Lock ordering is the most effective deadlock prevention technique. A one-line code change (sorting by SKU) eliminated 98.6% of deadlocks.
Deadlock patterns may be latent for years. The vulnerability existed since the system was built, but only manifested under the specific concurrency pattern of flash sales (many concurrent orders for the same items).
The deadlock event monitor is essential for diagnosis. Without seeing the exact lock graph, the team would have spent hours guessing at the cause.
Retry logic is necessary but not sufficient.
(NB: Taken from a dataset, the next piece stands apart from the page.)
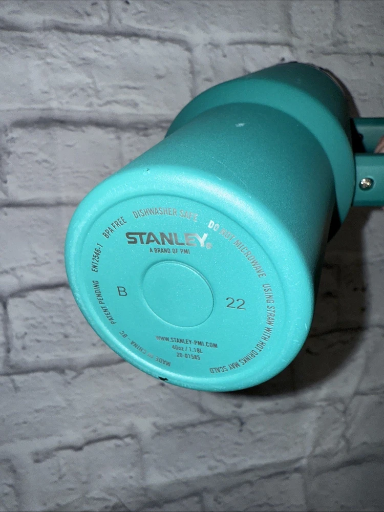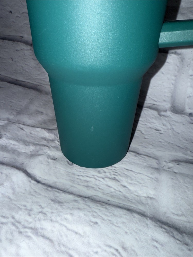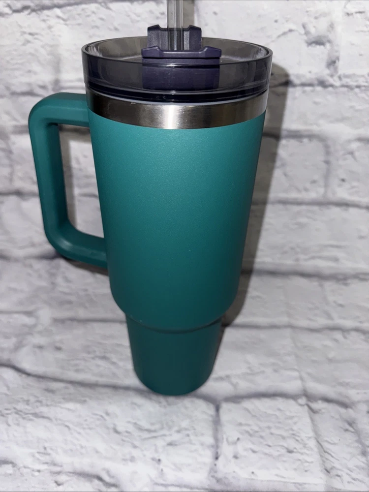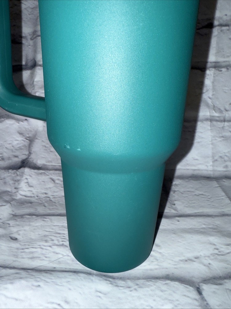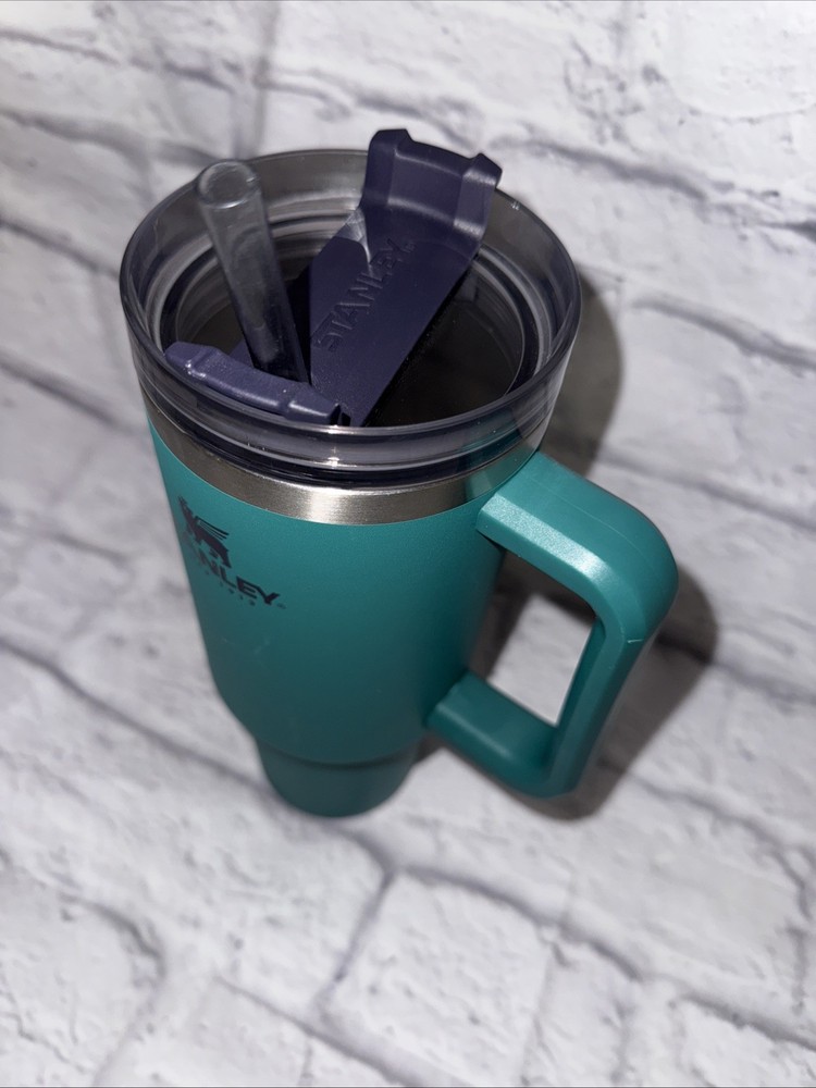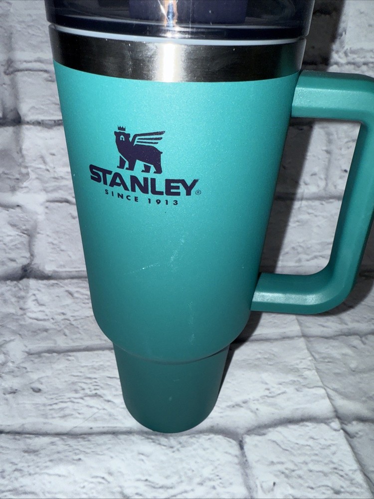 The Stanley 40 Oz Quencher Teal water bottle is a durable and spacious stainless steel water bottle with a screw-on lid. With a volume of 40 fl oz, it is perfect for staying hydrated during outdoor adventures and recreational activities. The teal color adds a touch of style while the insulated features help to keep your drinks cool for longer periods. Additionally, the BPA-free material ensures safety for your beverages, and the included straw and handle make it convenient for on-the-go use. See photos for normal signs of wear/scuff marks All items shipped from smoke free but pet friendly home

Retries handle the symptoms (the occasional deadlock), but eliminating the root cause (inconsistent lock ordering) is far more effective.
Performance testing should include concurrency scenarios. The flash sale feature was load-tested for throughput but not for concurrent access to the same data items.

Discussion Questions

Why did the deadlock problem only appear during flash sales and not during normal operation?
Could a different isolation level have prevented the deadlocks? What tradeoffs would be involved?
What monitoring alerts should FastCart implement to detect future lock-related problems early?
How would this problem manifest differently on z/OS with page-level locking instead of row-level locking?